◆ **Directions**
Print the entries underneath word for word, omitting whatever pictures they contain.

◆ **Material for this task**

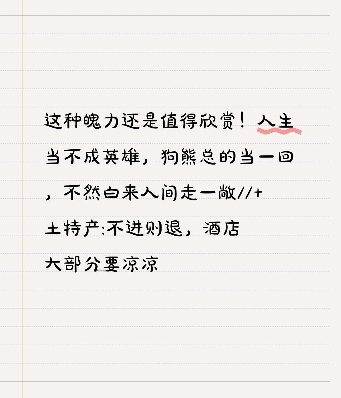 在如今酒店行业“不进则退”的形势下,也需要有这种魄力去突破、去创新,不然就只能“凉凉”。人生短暂,要么做英雄,要么做一回有勇气的“狗熊”,别白来这人间一趟。
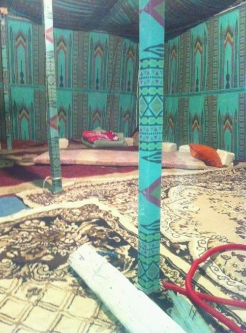 وذكر مسعود أن نوعية الخيمة ولونها والرسومات التي تزينها نادرة ولا تتوفر إلا فيها.
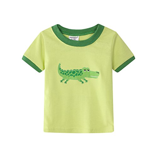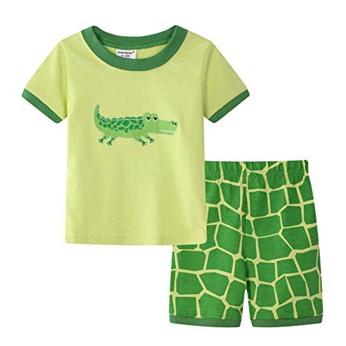 dizoon(ディゾン)パジャマ キッズ 服 tシャツ 子供 ベビー服 赤ちゃん 男の子 女の子 寝間着 服 綿100 春夏 半袖tシャツ 半ズボン 2着セット 緑 グリーン ワニ 車 80 90 100 110 120 130 140 (ワニ, 7歳(120-125cm))
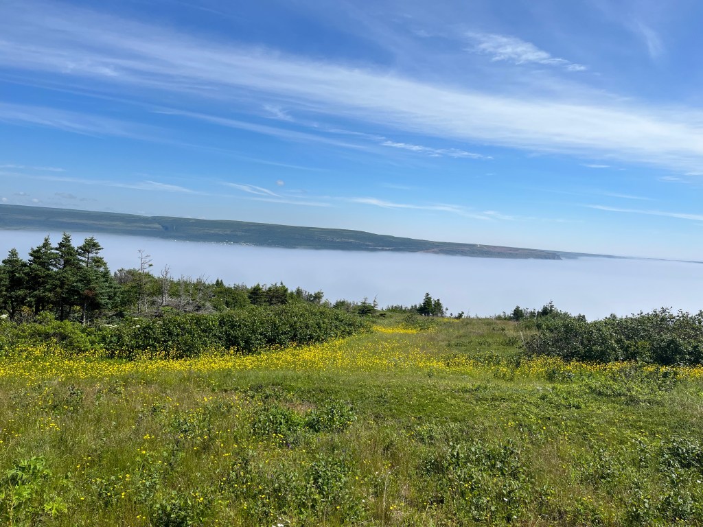 7. Bof quitte Happy Valley / Goose Bay ce matin. Mais Bof, qu’en est-il de ton tour de bateau de six jours sur la côte nord du Labrador ? Projet abandonné. Notamment car il n’y a pas de camping ici. Il me faudrait attendre quatre nuits sans douche … et à rien faire.6. (Photo d’hier) Une épaisse brume couvre la baie et ne laisse poindre que quelques maisons du village d’English Point. Ce matin, tout le niveau de la mer du sud du Labrador est couvert d’un vaste, et dense, brouillard. De sommets en vallées, j’alterne plongées dans la purée de pois puis émersions au soleil.
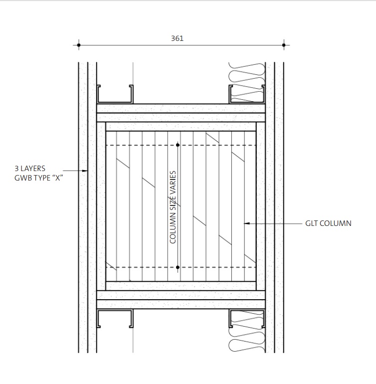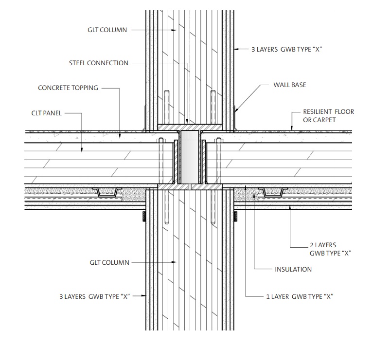Dal punto di vista della protezione dal fuoco, i componenti in CLT e in legno lamellare utilizzati nel progetto sono protetti da un incapsulamento costituito da 3 – 4 lastre sovrapposte in fibra di gesso ignifugo (“Type X”), con l’obiettivo di raggiungere i requisiti della classe di resistenza pari a 60 e 120 minuti. A questi è accoppiato un sistema di sprinkler, in grado di operare con un proprio serbatoio indipendente da 20.000 litri rispetto all’impianto di acqua corrente, anche in mancanza di corrente elettrica.
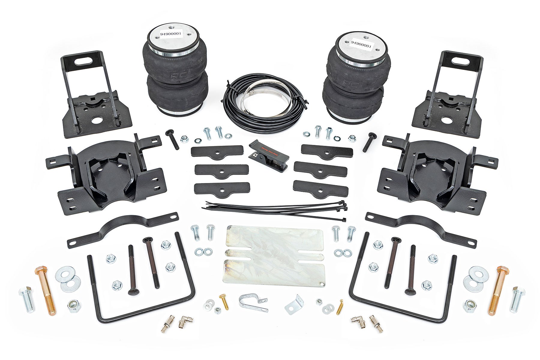 Ideal Leveling: Is your truck your workhorse? The main attraction of a pickup is the ability to haul and tow as needed. However, due to the weight in the bed or the condition of the rear leaf springs, your vehicle may become un-level under load. At Rough Country, we've designed a solution to eliminate these concerns. Introducing Rough Country's Rear Air Spring Kit. Heavy-Duty Construction: Rough Country's Rear Air Spring Kit includes two high-quality, double convoluted air bags, reinforced with durable powder-coated steel brackets and DOT-approved airlines. Whether you're towing a trailer or hauling heavy loads, this kit helps ensure your vehicle remains level, alleviating the strain on your trailer's tongue weight. The kit features 1/4" push-to-connect air fittings for easy installation, along with all necessary bracketry for a secure fit. Rough Country's Air Spring Kit supports up to 5,000 lbs. of load, minimizing sway and preventing bottoming out while braking and steering. Easy Installation: Quick and simple setup for immediate use. Rough Country's kit can be installed at home with standard tools in just 5-6 hours, ensuring minimal downtime and fast, hassle-free installation. Onboard Air Compressor and Wireless Controller: For added convenience, Rough Country offers an optional onboard air compressor and wireless controller to easily adjust your air spring kit on the go. Control air pressure at the push of a button from the comfort of your vehicle. Reliable Warranty Coverage: Rough Country's Rear Air Spring Kit includes a limited lifetime warranty on the air springs and a two-year replacement warranty on the compressor, offering lasting protection against manufacturer defects. This industry-leading coverage ensures confidence in both quality and durability, so you can count on Rough Country to keep your truck performing at its best.
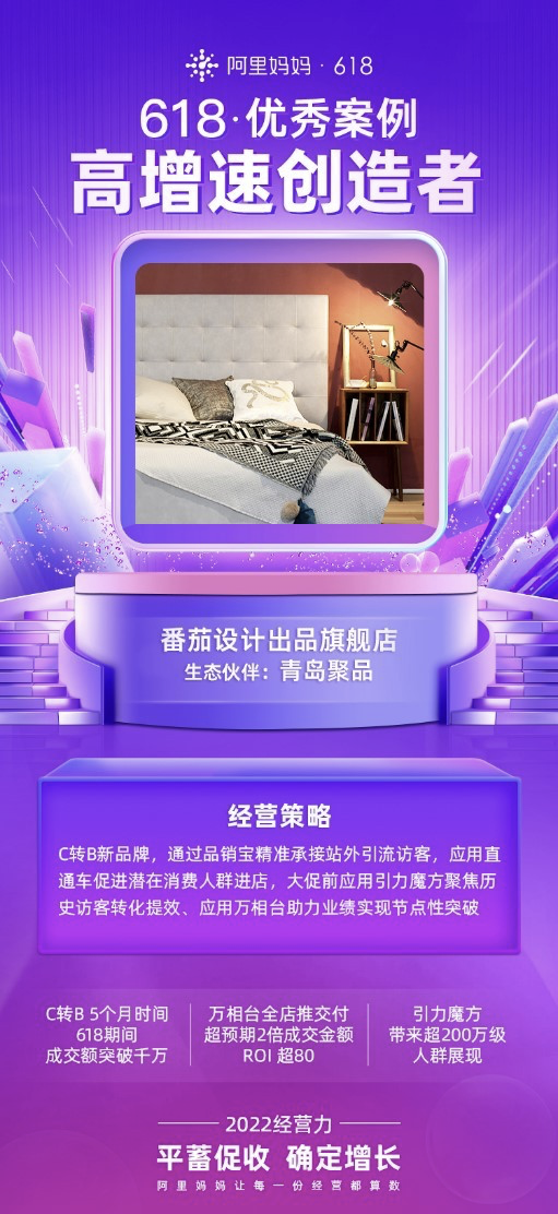 其中,“番茄设计出品”这个品牌,在众多家居品牌中成绩十分亮眼。该品牌原为淘宝商家,今年2月份转入天猫,主打具有设计风格的床,为年轻人提供提供更有格调的睡眠体验,上线不到5个月,生意规模即在大促期间快速破千万。让我们一起看看,它究竟做对了什么?
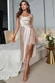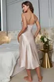 قميص نوم طويل ساتان دانتيل بتصميم خاص وياقة مفتوحة وشق
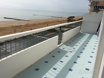 ampio soggiorno con angolo cottura dal quale si può accedere direttamente alla terrazza fronte vista mare di ca. mq. 21, TV color 40 pollici e divano letto; un bagno notte finestrato, completamente accessoriato, con box doccia da cm. 90 x cm. 80.
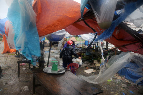 Các lán ở một khu chợ xã Kim Đồng (huyện Kim Sơn, Ninh Bình) bị gió giật tả tơi. Ảnh: Hải Hà.
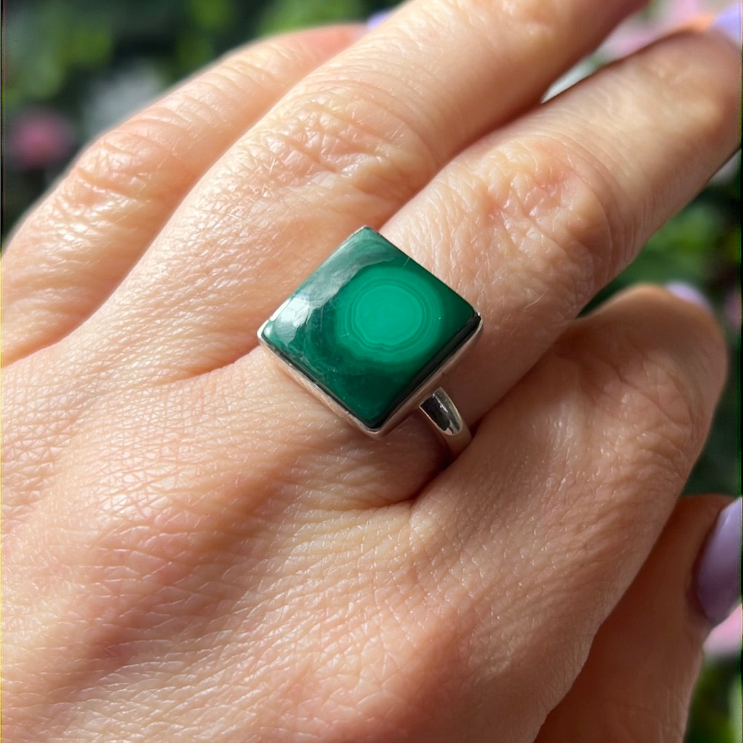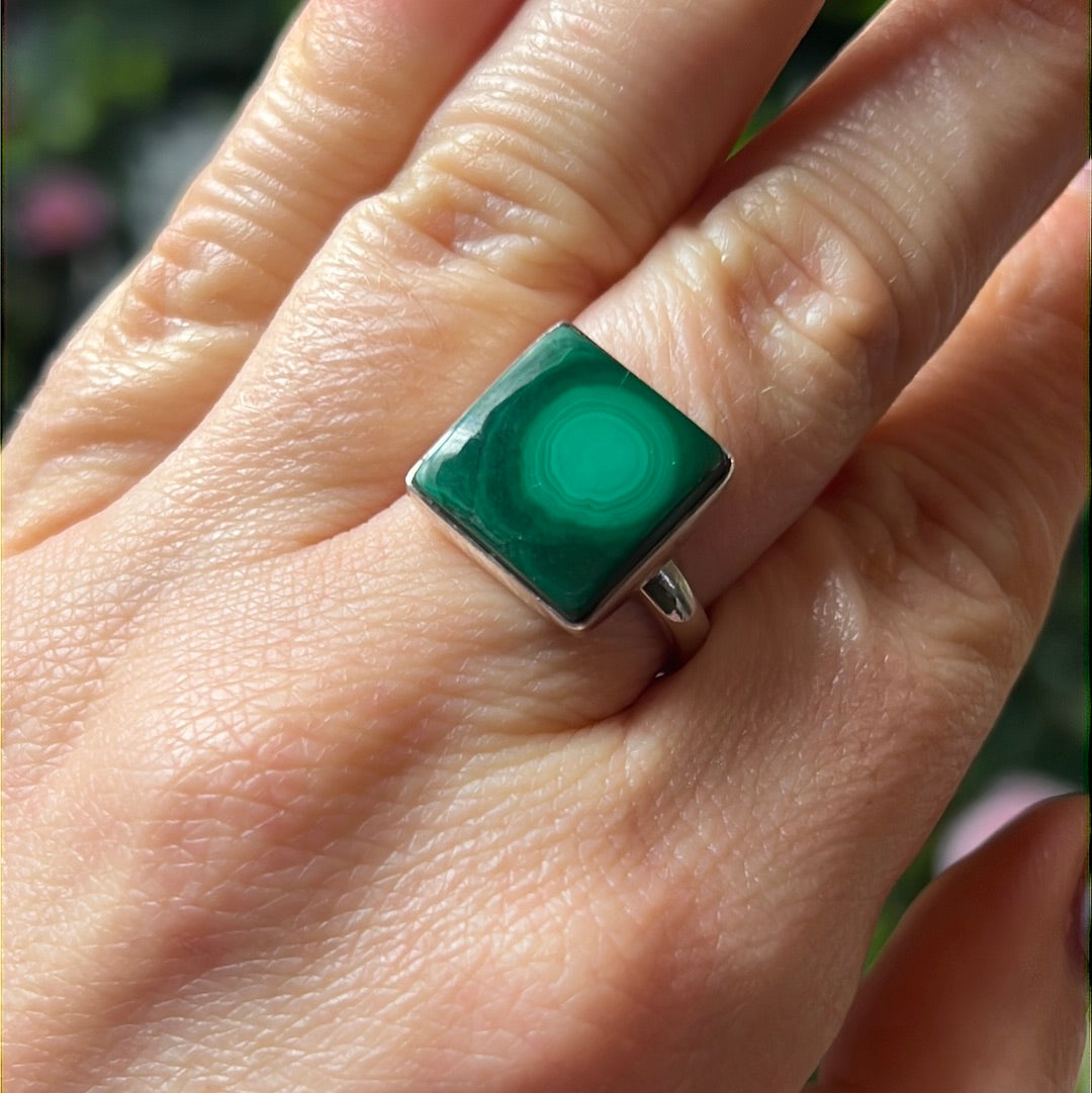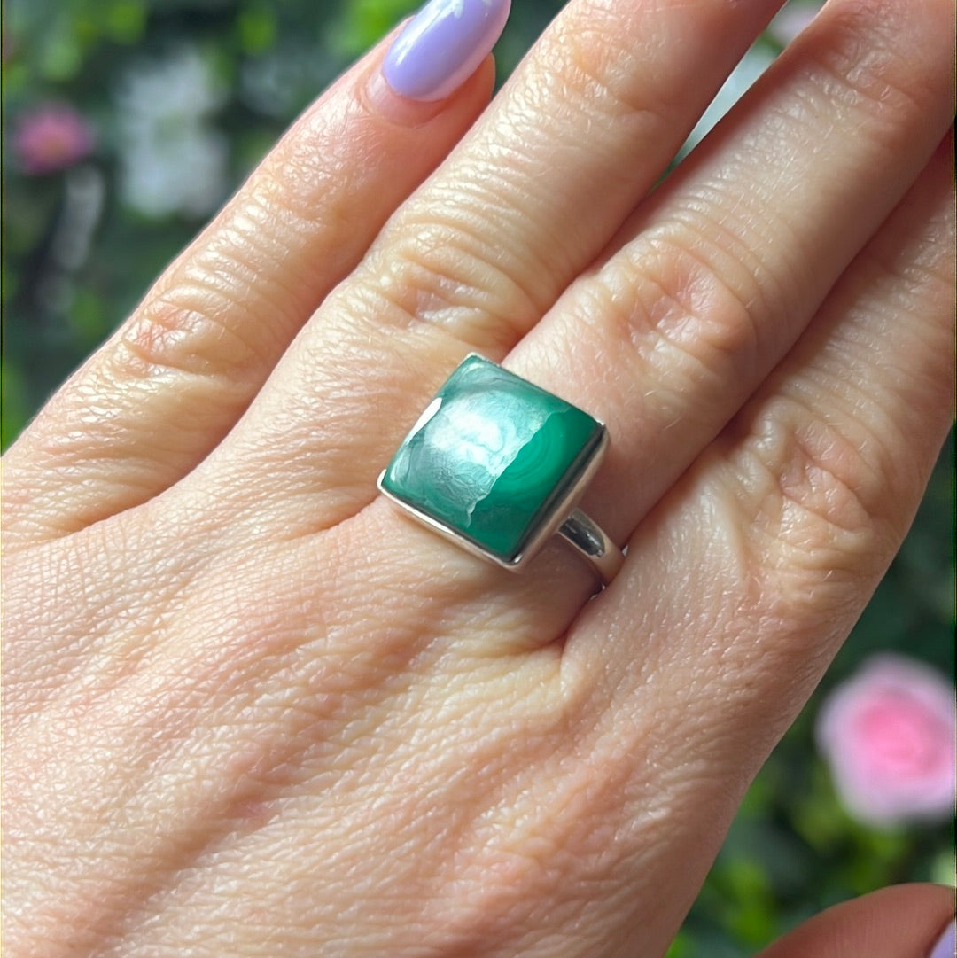 Malachite 925 Sterling Silver Ring - Size N 1/2

◆ **Finished task**
 在如今酒店行业“不进则退”的形势下,也需要有这种魄力去突破、去创新,不然就只能“凉凉”。人生短暂,要么做英雄,要么做一回有勇气的“狗熊”,别白来这人间一趟。
 وذكر مسعود أن نوعية الخيمة ولونها والرسومات التي تزينها نادرة ولا تتوفر إلا فيها.
 dizoon(ディゾン)パジャマ キッズ 服 tシャツ 子供 ベビー服 赤ちゃん 男の子 女の子 寝間着 服 綿100 春夏 半袖tシャツ 半ズボン 2着セット 緑 グリーン ワニ 車 80 90 100 110 120 130 140 (ワニ, 7歳(120-125cm))
 7. Bof quitte Happy Valley / Goose Bay ce matin. Mais Bof, qu’en est-il de ton tour de bateau de six jours sur la côte nord du Labrador ? Projet abandonné. Notamment car il n’y a pas de camping ici. Il me faudrait attendre quatre nuits sans douche … et à rien faire.6. (Photo d’hier) Une épaisse brume couvre la baie et ne laisse poindre que quelques maisons du village d’English Point. Ce matin, tout le niveau de la mer du sud du Labrador est couvert d’un vaste, et dense, brouillard. De sommets en vallées, j’alterne plongées dans la purée de pois puis émersions au soleil.
Dal punto di vista della protezione dal fuoco, i componenti in CLT e in legno lamellare utilizzati nel progetto sono protetti da un incapsulamento costituito da 3 – 4 lastre sovrapposte in fibra di gesso ignifugo (“Type X”), con l’obiettivo di raggiungere i requisiti della classe di resistenza pari a 60 e 120 minuti. A questi è accoppiato un sistema di sprinkler, in grado di operare con un proprio serbatoio indipendente da 20.000 litri rispetto all’impianto di acqua corrente, anche in mancanza di corrente elettrica.
 Ideal Leveling: Is your truck your workhorse? The main attraction of a pickup is the ability to haul and tow as needed. However, due to the weight in the bed or the condition of the rear leaf springs, your vehicle may become un-level under load. At Rough Country, we've designed a solution to eliminate these concerns. Introducing Rough Country's Rear Air Spring Kit. Heavy-Duty Construction: Rough Country's Rear Air Spring Kit includes two high-quality, double convoluted air bags, reinforced with durable powder-coated steel brackets and DOT-approved airlines. Whether you're towing a trailer or hauling heavy loads, this kit helps ensure your vehicle remains level, alleviating the strain on your trailer's tongue weight. The kit features 1/4" push-to-connect air fittings for easy installation, along with all necessary bracketry for a secure fit. Rough Country's Air Spring Kit supports up to 5,000 lbs. of load, minimizing sway and preventing bottoming out while braking and steering. Easy Installation: Quick and simple setup for immediate use. Rough Country's kit can be installed at home with standard tools in just 5-6 hours, ensuring minimal downtime and fast, hassle-free installation. Onboard Air Compressor and Wireless Controller: For added convenience, Rough Country offers an optional onboard air compressor and wireless controller to easily adjust your air spring kit on the go. Control air pressure at the push of a button from the comfort of your vehicle. Reliable Warranty Coverage: Rough Country's Rear Air Spring Kit includes a limited lifetime warranty on the air springs and a two-year replacement warranty on the compressor, offering lasting protection against manufacturer defects. This industry-leading coverage ensures confidence in both quality and durability, so you can count on Rough Country to keep your truck performing at its best.
 其中,“番茄设计出品”这个品牌,在众多家居品牌中成绩十分亮眼。该品牌原为淘宝商家,今年2月份转入天猫,主打具有设计风格的床,为年轻人提供提供更有格调的睡眠体验,上线不到5个月,生意规模即在大促期间快速破千万。让我们一起看看,它究竟做对了什么?
 قميص نوم طويل ساتان دانتيل بتصميم خاص وياقة مفتوحة وشق
 ampio soggiorno con angolo cottura dal quale si può accedere direttamente alla terrazza fronte vista mare di ca. mq. 21, TV color 40 pollici e divano letto; un bagno notte finestrato, completamente accessoriato, con box doccia da cm. 90 x cm. 80.
 Các lán ở một khu chợ xã Kim Đồng (huyện Kim Sơn, Ninh Bình) bị gió giật tả tơi. Ảnh: Hải Hà.
 Malachite 925 Sterling Silver Ring - Size N 1/2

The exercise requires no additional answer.